* Task instructions:
There is one span to output from the data below: the lines starting at the line with "un seul endroit" and ending at the line with "Current AQHI |". Output it exactly, ends included, nothing more.

* Given records:
*** Block opens ***
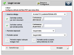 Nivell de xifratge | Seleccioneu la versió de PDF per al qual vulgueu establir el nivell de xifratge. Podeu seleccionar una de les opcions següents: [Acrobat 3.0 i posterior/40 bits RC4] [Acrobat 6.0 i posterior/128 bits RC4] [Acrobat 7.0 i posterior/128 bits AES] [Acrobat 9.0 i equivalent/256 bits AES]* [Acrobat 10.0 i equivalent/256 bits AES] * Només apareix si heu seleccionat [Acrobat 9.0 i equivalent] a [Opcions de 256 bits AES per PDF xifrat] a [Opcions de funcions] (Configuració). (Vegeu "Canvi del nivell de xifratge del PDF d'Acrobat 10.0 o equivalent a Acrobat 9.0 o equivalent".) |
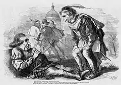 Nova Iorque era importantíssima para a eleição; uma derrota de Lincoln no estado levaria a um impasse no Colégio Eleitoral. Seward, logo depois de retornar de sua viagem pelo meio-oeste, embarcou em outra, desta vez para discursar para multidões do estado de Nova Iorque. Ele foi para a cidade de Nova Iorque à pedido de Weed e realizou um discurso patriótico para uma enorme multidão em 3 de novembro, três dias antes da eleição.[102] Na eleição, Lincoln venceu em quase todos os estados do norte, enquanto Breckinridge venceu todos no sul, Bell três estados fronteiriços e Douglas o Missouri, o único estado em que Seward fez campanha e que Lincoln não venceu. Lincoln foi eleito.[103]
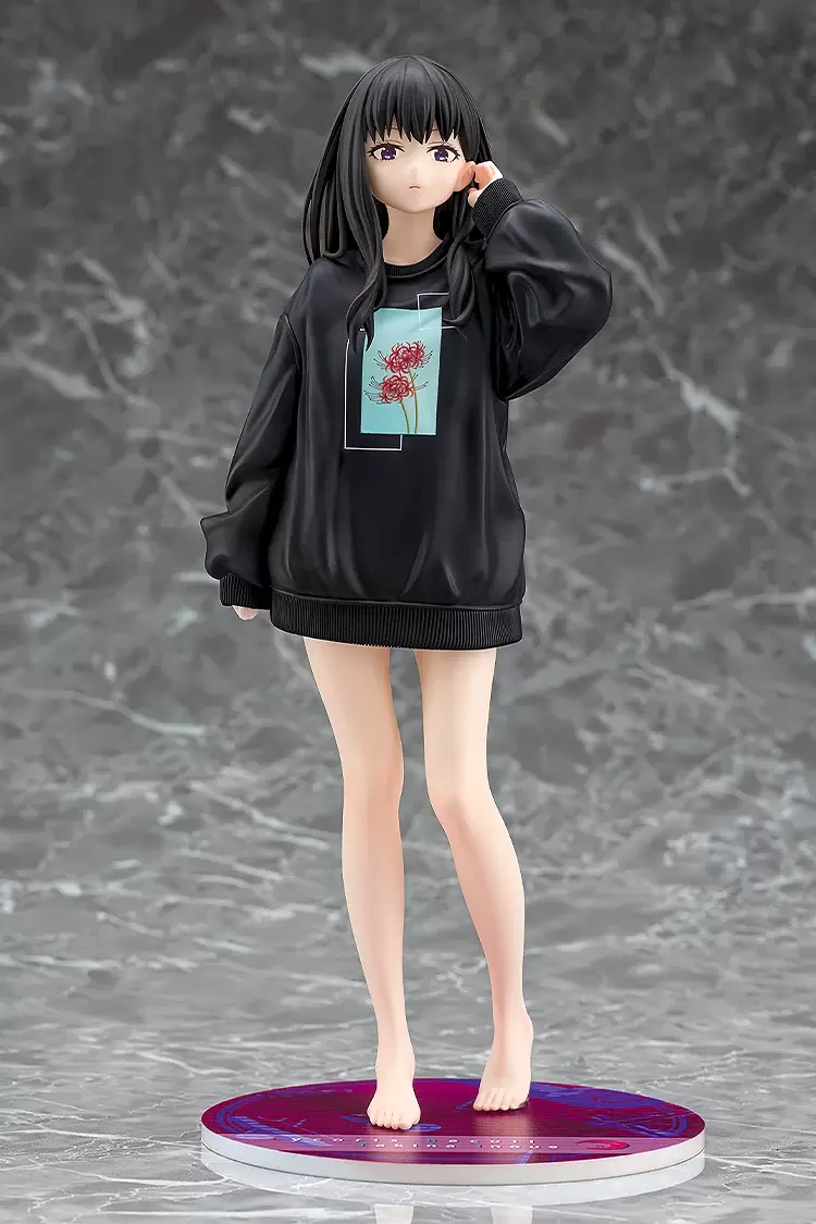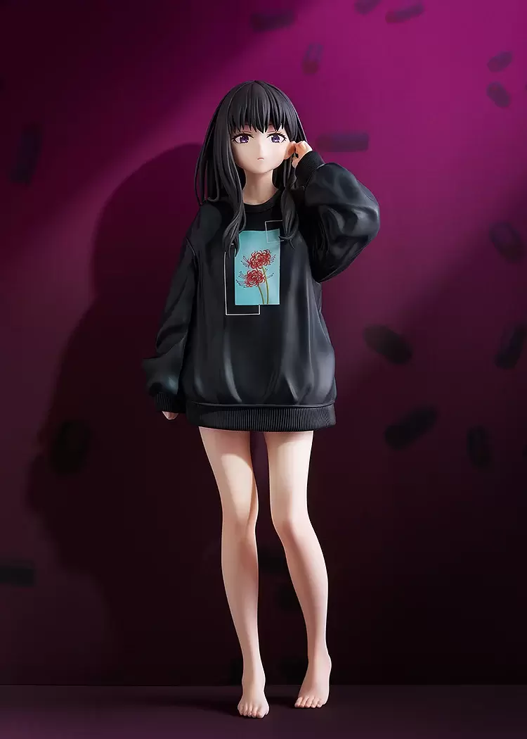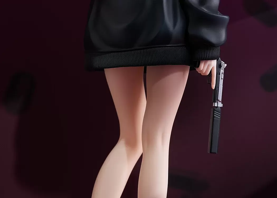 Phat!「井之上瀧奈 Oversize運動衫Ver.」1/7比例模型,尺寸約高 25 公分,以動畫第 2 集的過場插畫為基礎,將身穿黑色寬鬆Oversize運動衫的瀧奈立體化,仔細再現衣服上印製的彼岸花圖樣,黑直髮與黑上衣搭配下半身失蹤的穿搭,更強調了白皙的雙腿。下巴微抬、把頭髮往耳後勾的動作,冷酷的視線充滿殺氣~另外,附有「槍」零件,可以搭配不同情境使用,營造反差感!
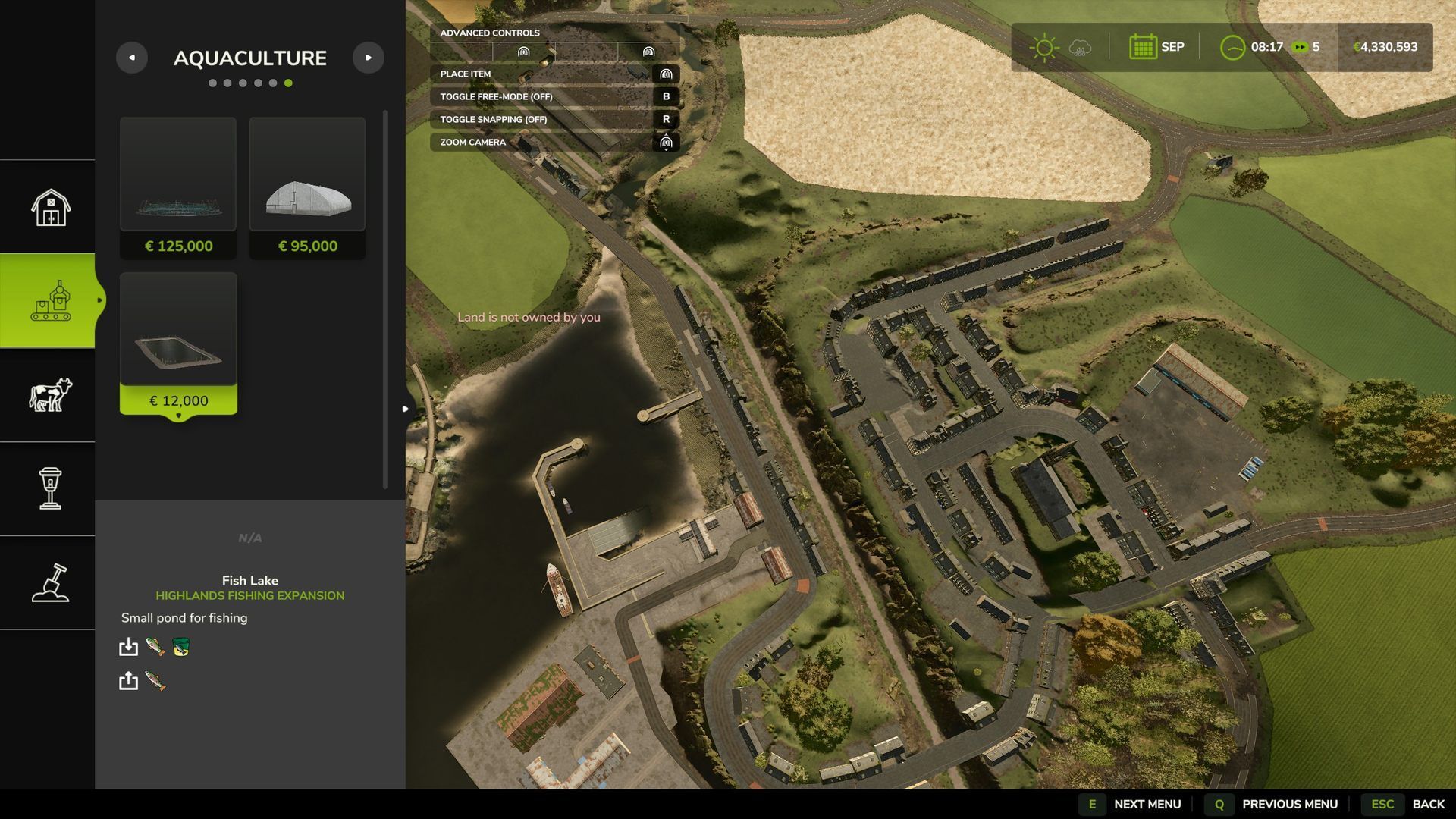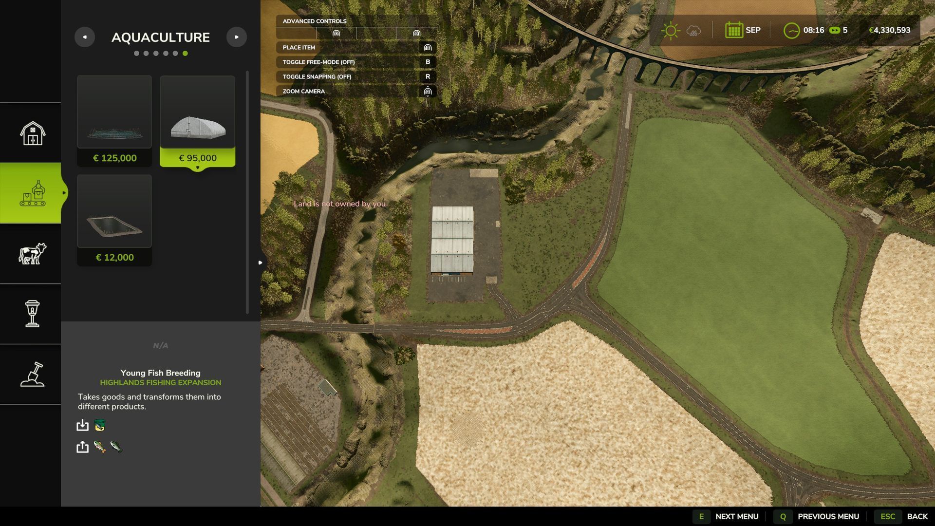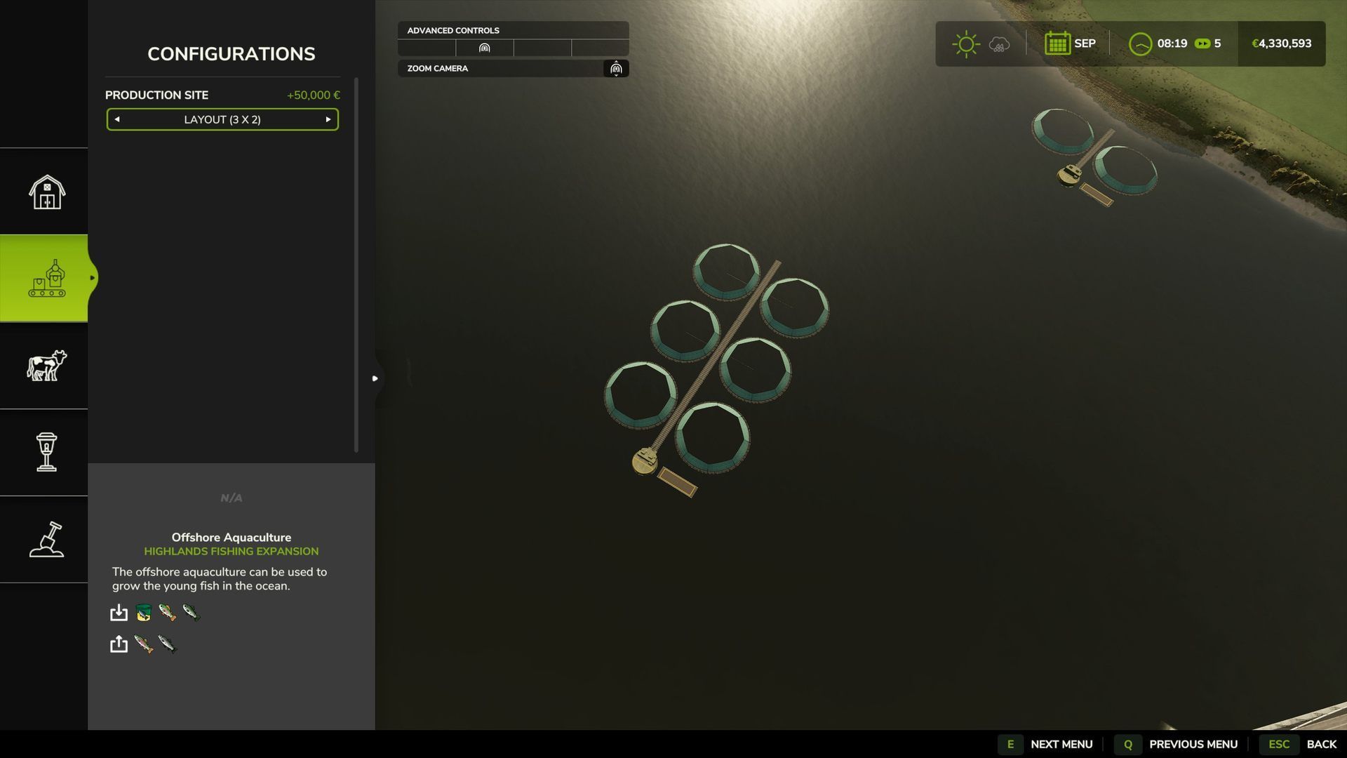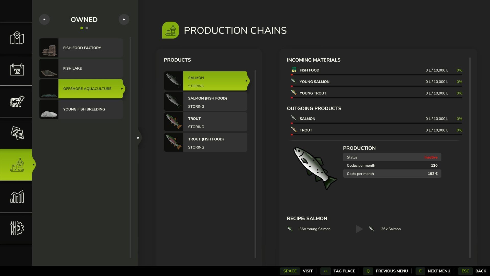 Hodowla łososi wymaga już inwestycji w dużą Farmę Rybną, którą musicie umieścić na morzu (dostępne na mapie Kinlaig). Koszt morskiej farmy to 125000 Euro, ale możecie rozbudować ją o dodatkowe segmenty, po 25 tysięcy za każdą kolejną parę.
*** Block closes ***
*** Block opens ***
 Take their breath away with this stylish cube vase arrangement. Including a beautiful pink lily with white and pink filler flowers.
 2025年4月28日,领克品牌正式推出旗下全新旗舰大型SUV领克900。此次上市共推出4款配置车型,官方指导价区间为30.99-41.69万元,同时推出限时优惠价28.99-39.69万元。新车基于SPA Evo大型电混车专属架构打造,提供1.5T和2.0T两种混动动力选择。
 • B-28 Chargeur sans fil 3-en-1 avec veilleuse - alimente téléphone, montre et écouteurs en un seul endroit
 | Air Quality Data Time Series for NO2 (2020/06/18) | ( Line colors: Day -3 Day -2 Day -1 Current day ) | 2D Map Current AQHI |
*** Block closes ***
* Written response:
 • B-28 Chargeur sans fil 3-en-1 avec veilleuse - alimente téléphone, montre et écouteurs en un seul endroit
 | Air Quality Data Time Series for NO2 (2020/06/18) | ( Line colors: Day -3 Day -2 Day -1 Current day ) | 2D Map Current AQHI |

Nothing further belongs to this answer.